I need to calculate $Tor^*_{\mathcal O_{\mathbb P^3}}(\mathcal O_{L_1}, \mathcal O_{L_2})$, where $L_1$ and $L_2$ are lines on $\mathbb P^3$.
If they are intersecting at a point, I believe that they can be calculated on $\mathbb P^2$ generated by $L_1$ and $L_2$ using the resolution $0 \to \mathcal O_{\mathbb P^2}(-1) \to \mathcal O_{\mathbb P^2} \to \mathcal O_L \to 0$ for both $L=L_i$. But why does $Tor^* (i_* \mathcal F, i_* \mathcal G)=Tor^* (\mathcal F, \mathcal G)$ hold for an inclusion $i$?
Does the fact that the higher $Tor$ functors vanish reflects the fact that $L_1$ and $L_2$ are transversal? This idea is given by the fact that the intersection number can be defined as $$\sum_{p \in L_1 \cap L_2} \sum_{i \geq 0} (-1)^i Tor^i_{\mathcal O_p} (\mathcal F_p, \mathcal G_p),$$ where the higher $Tor$ functors are some 'correction terms'.
If they are not intersecting, should not $Tor$ functors vanish? How are they connected with the local $Tor$ functors?

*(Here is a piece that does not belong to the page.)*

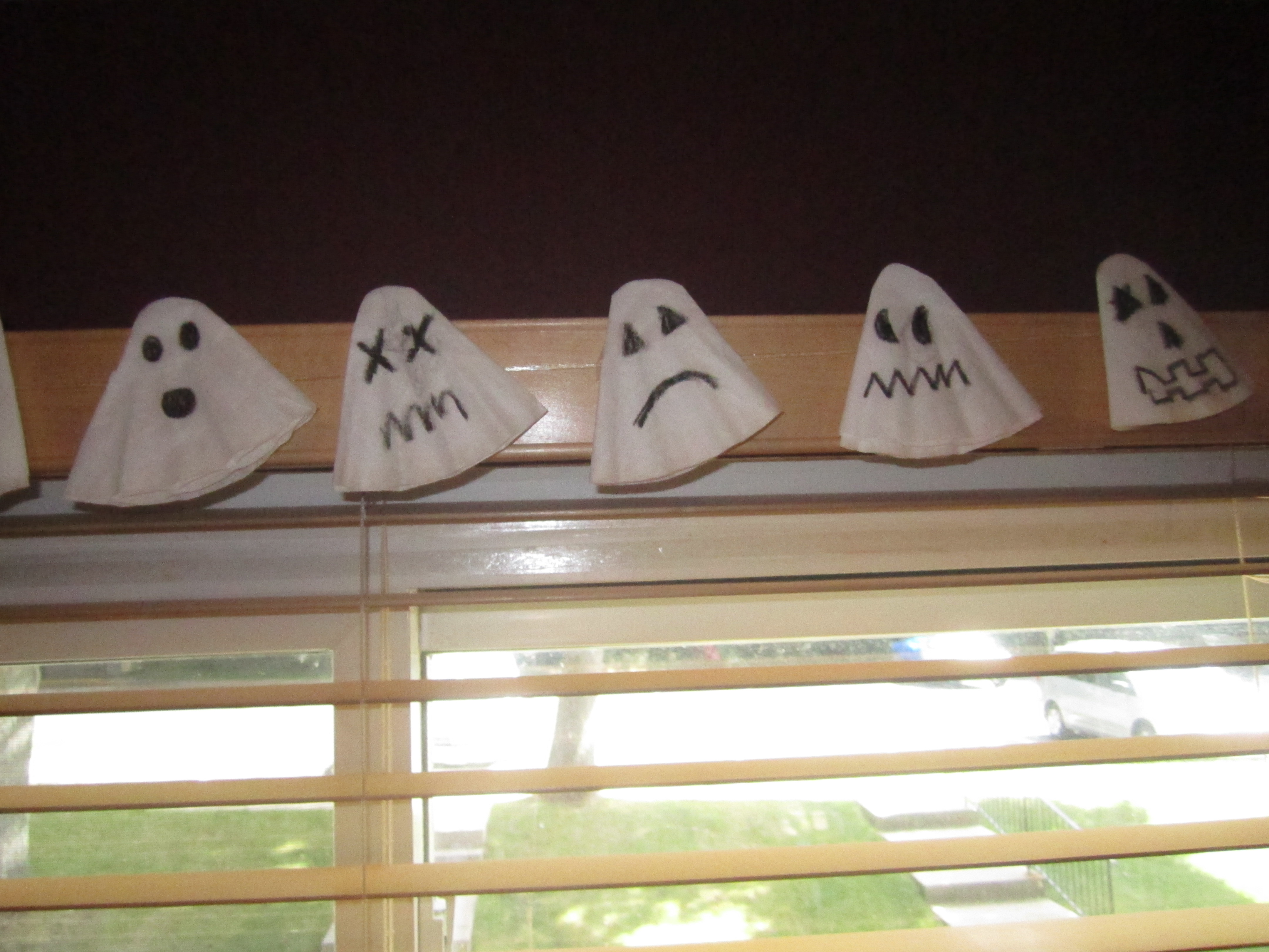 Repeat those steps over and over again until you have enough ghosts to add on the string. We put our garland above a window. We had to make quite a few so that the string of ghost garland would fit the top part of the window. After all the ghosts are completed tape each ghost side by side on the string. Finally hang up your ghost garland wherever you like.

Is not $\mathcal O_L$ flat over $\mathcal O_{\mathbb P^3}$? Because tensoring by $\mathcal O_l$ is the same as restricting on $L$. So all the higher $\mathcal{Tor}$ sheaf functors vanish, are not they?
Why did you feel in 4., that $\mathcal{O}_L$ is flat over $\mathcal{O}_{\mathbb{P}^3}$? This is false.
For, 3., yes the tors vanish since tor localizes for coherent sheaves.
For the general case, the best path is to use the standard resolution for $L_1$ say. You have, $0\to \mathcal{O}_{\mathbb{P}^3}(-2)\to \mathcal{O}_{\mathbb{P}^3}(-1)^2\to \mathcal{O}_{\mathbb{P}^3}\to\mathcal{O}_{L_1}\to 0$, tensor with $\mathcal{O}_{L_2}$ and since we know all the maps in the above exact sequence, calculate the tors. There are 3 cases, $L_1=L_2$, they intersect at one point, they are disjoint.